16. Who conceals her conceals the wind, / and her name is called “right hand.” The Hebrew is unintelligible, as the translation indicates, and even with emendation it is hard to make sense of this verse. The “her” may refer to the nagging wife of the previous verse, in which case the idea is that it is impossible to hide her because she is everywhere. (The verb for the initial “conceals” is plural in the Hebrew but has been emended to a singular to accord with the second “conceals.”) The literal sense of the second verset in the received text is “and the oil of his right hand will call [or will be called],” weshemen yemino yiqraʾ. This has been emended, partly in accordance with the Septuagint, to read weshemah yamin yiqareiʾ. Even so, the meaning is unclear. Perhaps, by a stretch, it could mean, she is thought of as the right hand—that is, powerful—because there is no way to conceal or repress her. Amid all this confusion, Fox interestingly detects a pun: tsafan, “conceal,” suggests tsafon, “north”; and yamin, “right hand,” is an alternate term for “south.”

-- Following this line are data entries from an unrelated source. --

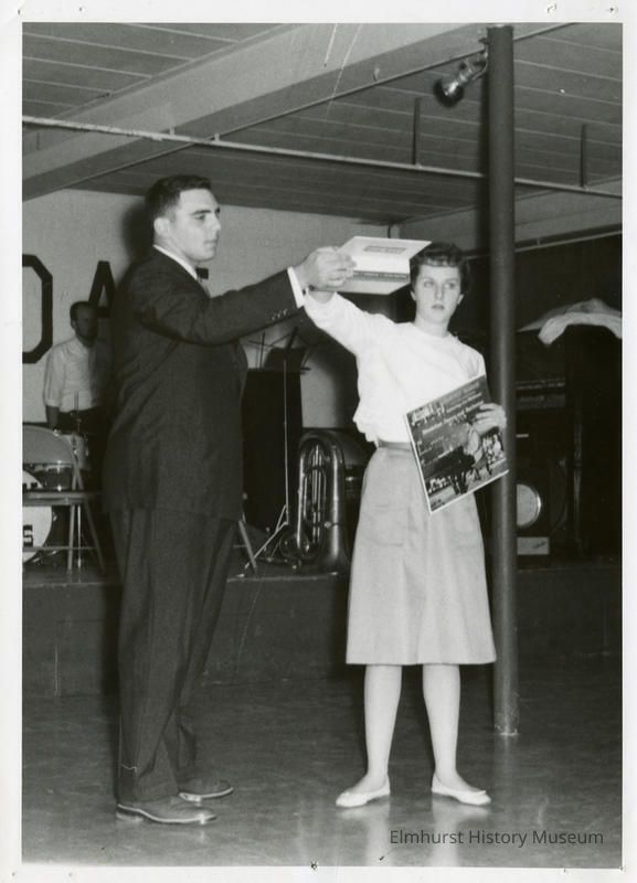 Mike Psaltis and Barbara Helm holding a prize drawing at the Elmhurst Park District Youth Center at 407 W. St. Charles Road.Photograph Details
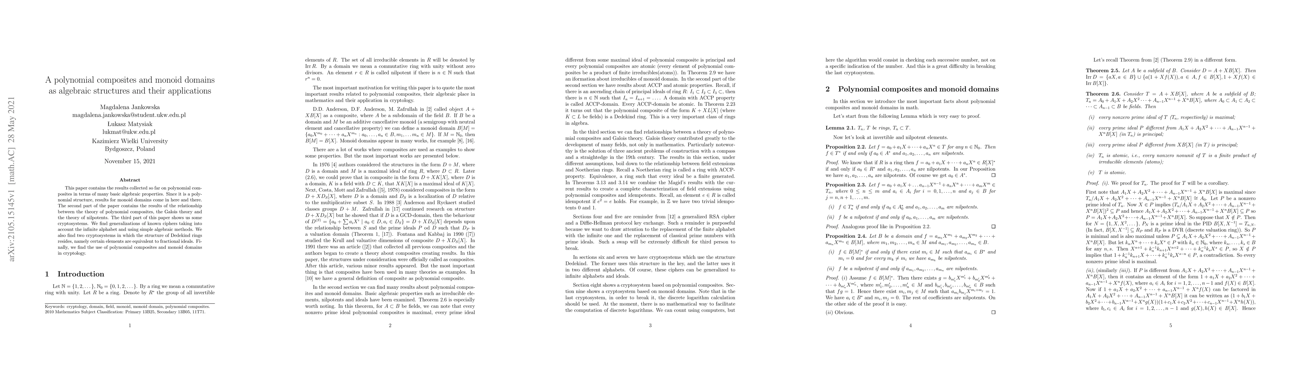 This paper contains the results collected so far on polynomial composites in terms of many basic algebraic properties. Since it is a polynomial structure, results for monoid domains come in here and there. The second part of the paper contains the results of the relationship between the theory of polynomial composites, the Galois theory and the theory of nilpotents. The third part of this paper shows us some cryptosystems. We find generalizations of known ciphers taking into account the infinite alphabet and using simple algebraic methods. We also find two cryptosystems in which the structure of Dedekind rings resides, namely certain elements are equivalent to fractional ideals. Finally, we find the use of polynomial composites and monoid domains in cryptology.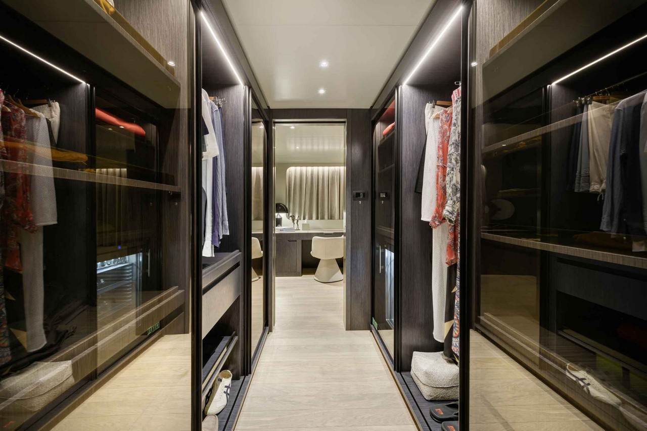 • Geniş giyinme odası ve yerden aydınlatmalı dolap sistemi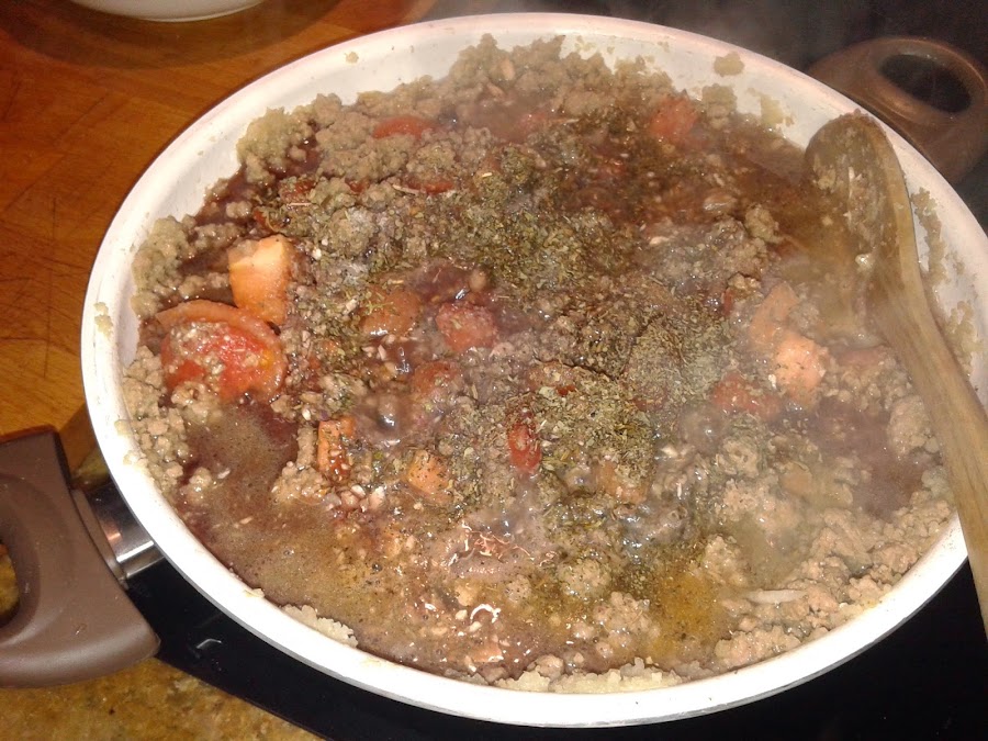 Una vez la carne se haya dorado, echaremos el resto de ingredientes, el tomate pelado y picado, los champiñones fileteados o picados (yo los he puesto picados), la albahaca, el vino tinto y salpimentaremos.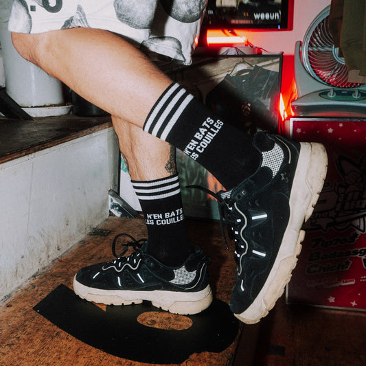M'EN BATS LES COUILLES BLACK - WHITE SOCKS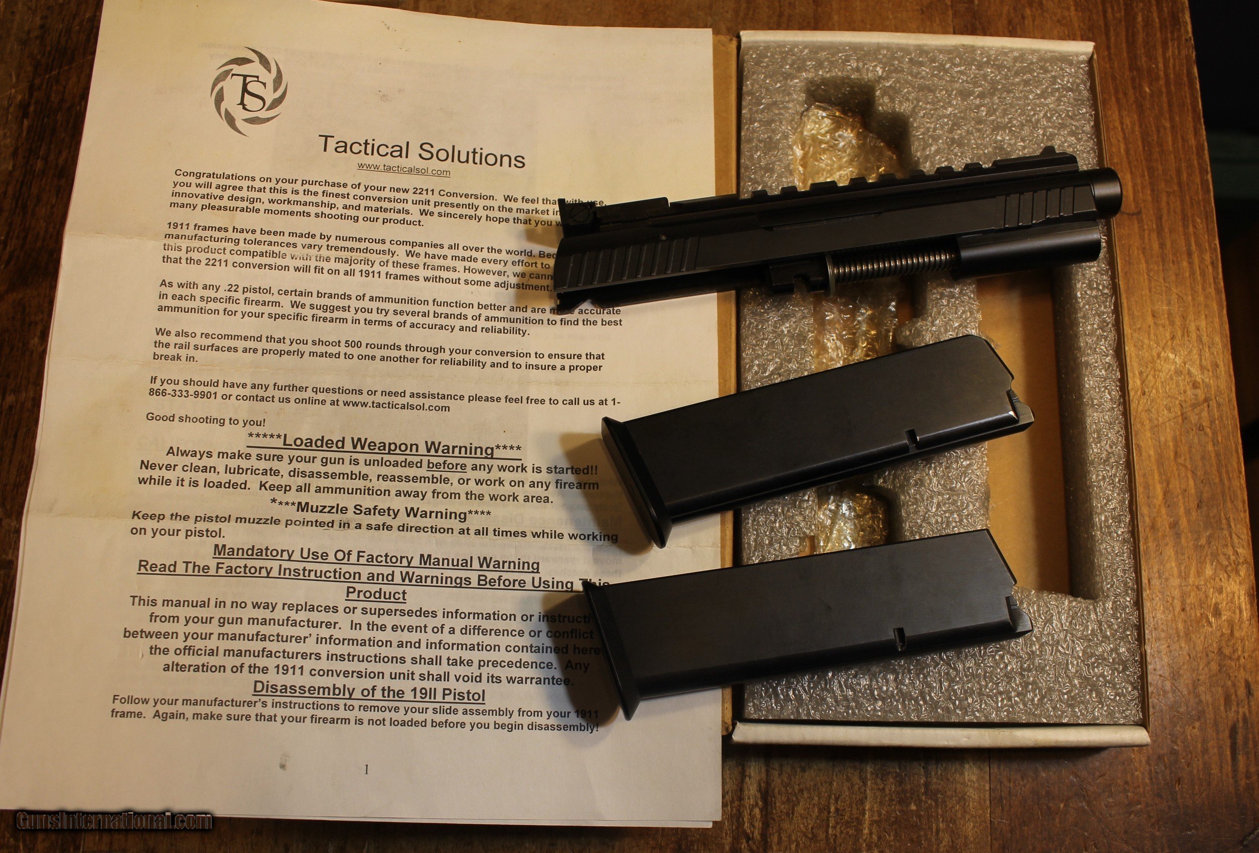 Description: Tactical Solutions 2211 Rimfire Conversion Kit with Picatinny-Style Scope Mount, Adjustable Sights, Threaded Muzzle 1911 Government, Commander 22 Long Rifle Matte w Two Factory Magazines NOTE: Look close at the pictures as the item you see is the one you get. As is means AS IS so There is NO, Refund. This came from the estate of an FFL/SOT Gun Smith, Gun Store that is out of business. The estate was an avid collector. This is from the collection or was inventory. There will be countless other listings from this inventory and other inventories. We are selling for the seven different estate/store. This is NOT a liquidation. There are no lists and will be no lists. Please check our other listings for more items Please also check our Webpage and or Facebook page at P&T Partners Shipping is included. Shipping is NOT FREE. Just included for Priority Mail. Credit in any form, shape or manner add 3.5% and credit by PHONE only. Personal checks accepted, we do not hold until clear for parts. Postal Money orders also accepted. If you are in Texas and purchasing from Texas you are subject to Texas State Sales Tax For those that are local, there is no Face To Face. On Line means On Line. Again if you are Local there is NO local pick up. We ship only SOLD Handgun Caliber: .22 Long Rifle |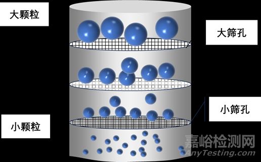 篩分法是利用篩孔將粉體機械阻擋的一種分級方法,通過將篩孔大小不同的篩網(wǎng)疊放在一起,對樣品進行篩分,粒徑小于篩孔的顆粒漏過篩網(wǎng),大于篩孔的顆粒截留在篩網(wǎng)上,然后通過稱量不同篩子剩余樣品的質(zhì)量,從而得到以篩網(wǎng)孔徑為界限樣品的粒徑大小及分布范圍。(圖2)

17. Iron together with iron. This is usually understood to refer to magnetized iron, which clings to iron, and so does a man to his friend. The force of the proverb is in its terrific compactness, which the translation tries to preserve.

19. Like water face to face. Again, the translation reproduces the strong compactness of the original. The reference is obviously to someone seeing his own reflection in water. But water is unstable and therefore an undependable or distorting mirror, unlike an actual mirror of polished bronze (there were no glass mirrors in this era). Thus one man’s heart provides a tricky or deceptive image of what is in the heart of another.

21. a man according to his praise. A man’s reputation tests him, burns out the dross, as a smelter tries silver or gold.

23. You must surely know the look of your flock. These words begin a multiline proverb on the virtues of responsible pastoralism that runs to the end of verse 27.

24. wealth. In a pastoral economy, wealth would be measured chiefly in flocks.

a crown. This term represents an intensification of the initial verset: not only is wealth transient, but even a crown (and the power and possessions that go with it) is not forever.

for time to come. Literally, “for generation after generation.”

25. The grass is gone, new grass appears. The grass, of course, is vital for feeding the flocks, and so it is important that there is a new growth each year.

26. he-goats, the price of a field. Fox’s explanation seems plausible: you can always sell off some of your goats to purchase more fields to pasture the rest.

27. goat’s milk. The word for goat means “she-goat” and is entirely different from the masculine term used in the previous verse.

viands. The literal sense is “life.” The usage may reflect an etymology analogous to “viands”—that which you live on.